→ **Work task**: What you write must be the listing below in full, word for word, minus its pictures.

→ **Supplied data**:
......
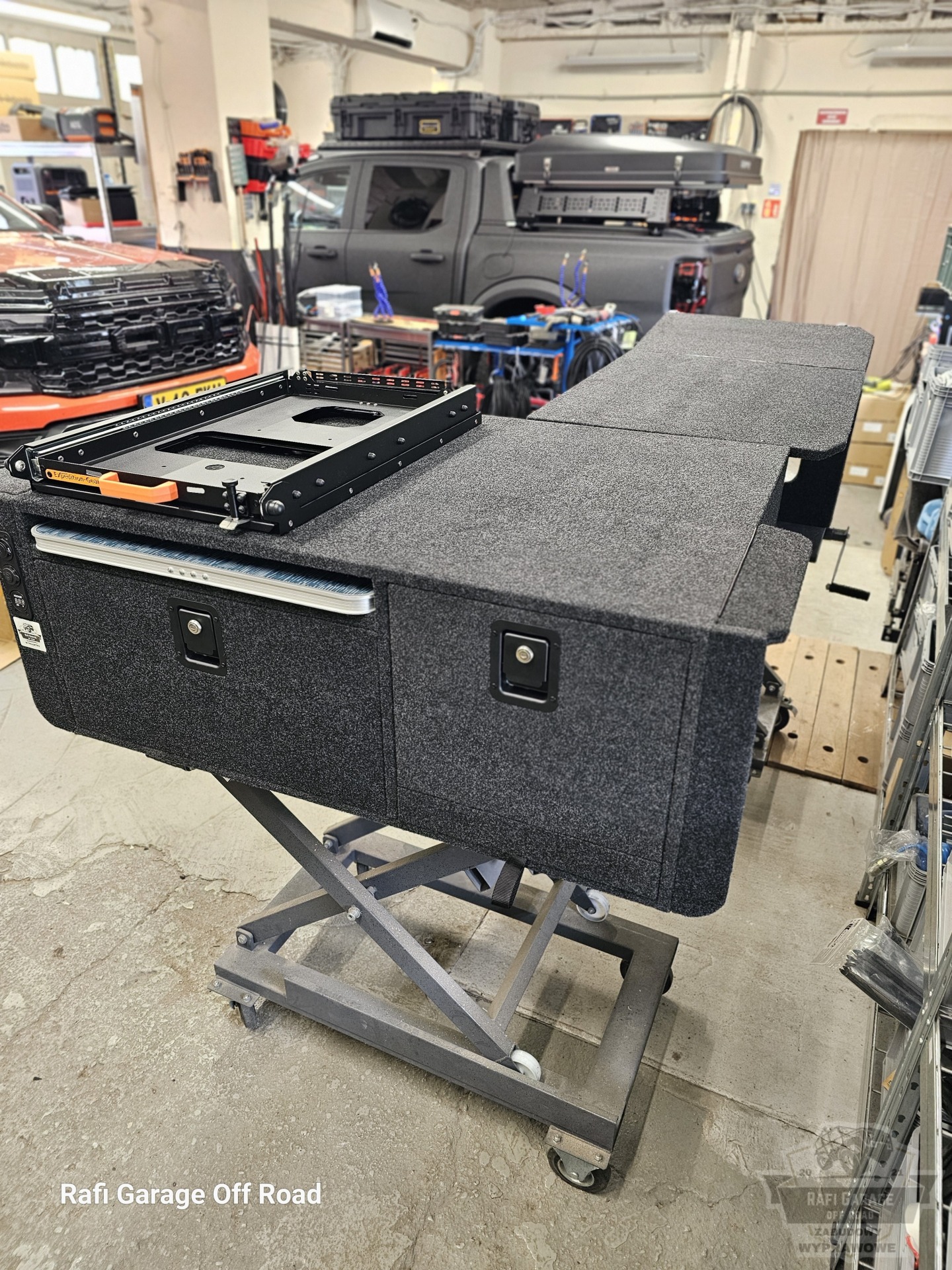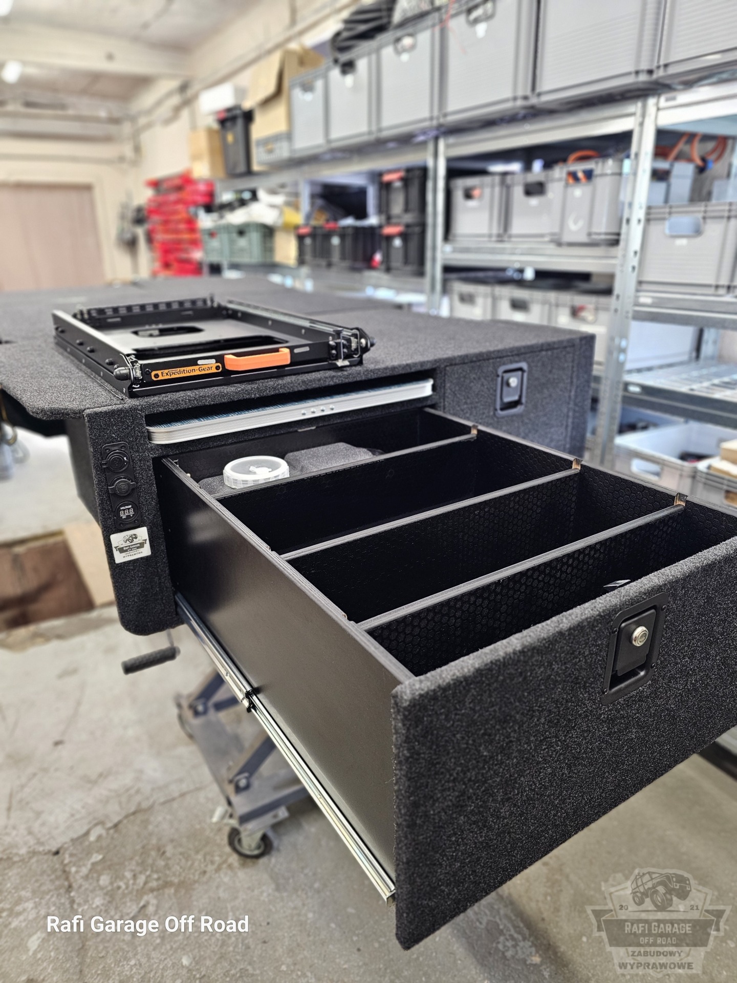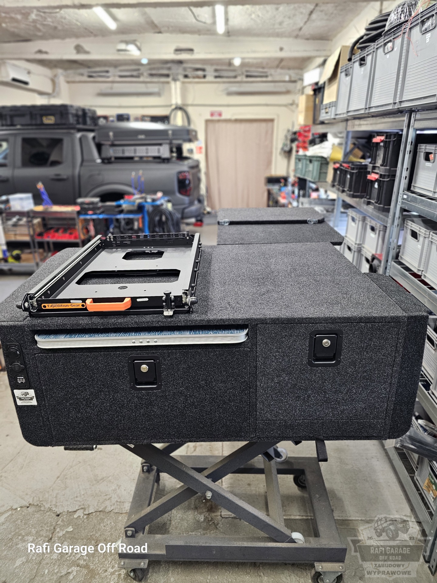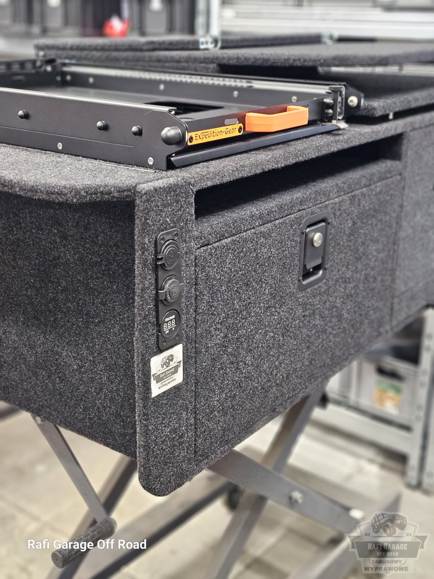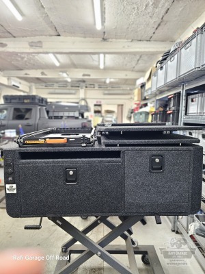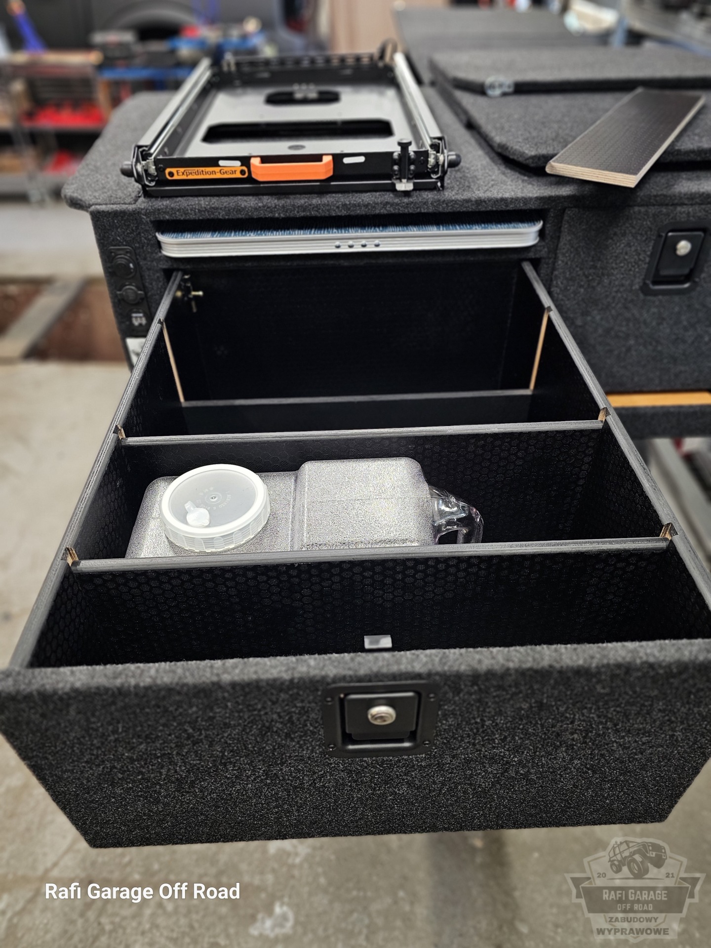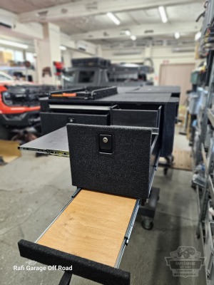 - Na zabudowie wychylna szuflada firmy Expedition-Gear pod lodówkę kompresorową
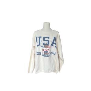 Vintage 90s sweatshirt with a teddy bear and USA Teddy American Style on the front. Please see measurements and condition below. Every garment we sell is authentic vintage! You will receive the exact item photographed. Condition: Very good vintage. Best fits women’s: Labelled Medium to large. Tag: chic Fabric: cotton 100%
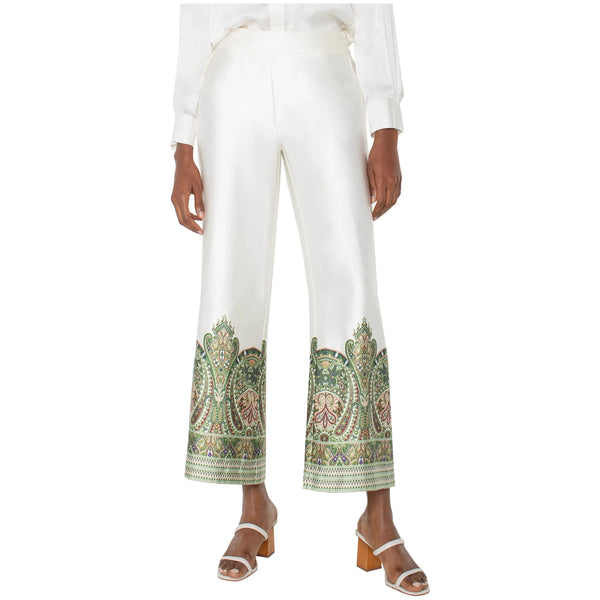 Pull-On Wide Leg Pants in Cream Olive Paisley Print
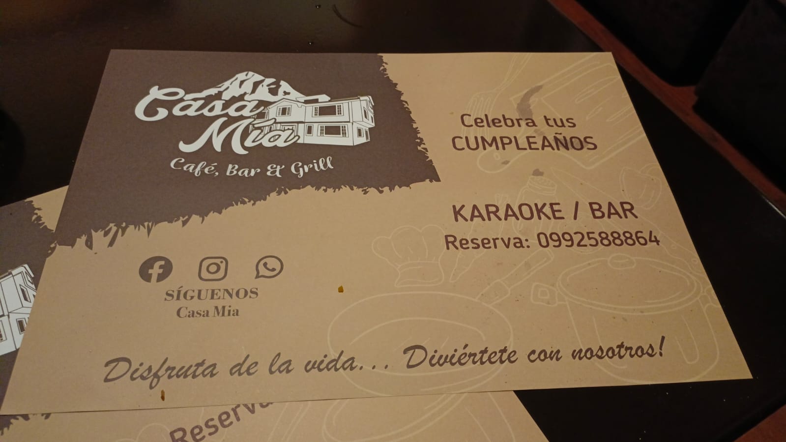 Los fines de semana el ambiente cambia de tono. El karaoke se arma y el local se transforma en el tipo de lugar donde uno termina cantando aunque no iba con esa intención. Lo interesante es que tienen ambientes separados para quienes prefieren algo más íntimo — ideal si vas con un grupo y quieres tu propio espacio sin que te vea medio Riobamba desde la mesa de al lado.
......
→ **Response**:
 - Na zabudowie wychylna szuflada firmy Expedition-Gear pod lodówkę kompresorową
 Vintage 90s sweatshirt with a teddy bear and USA Teddy American Style on the front. Please see measurements and condition below. Every garment we sell is authentic vintage! You will receive the exact item photographed. Condition: Very good vintage. Best fits women’s: Labelled Medium to large. Tag: chic Fabric: cotton 100%
 Pull-On Wide Leg Pants in Cream Olive Paisley Print
 Los fines de semana el ambiente cambia de tono. El karaoke se arma y el local se transforma en el tipo de lugar donde uno termina cantando aunque no iba con esa intención. Lo interesante es que tienen ambientes separados para quienes prefieren algo más íntimo — ideal si vas con un grupo y quieres tu propio espacio sin que te vea medio Riobamba desde la mesa de al lado.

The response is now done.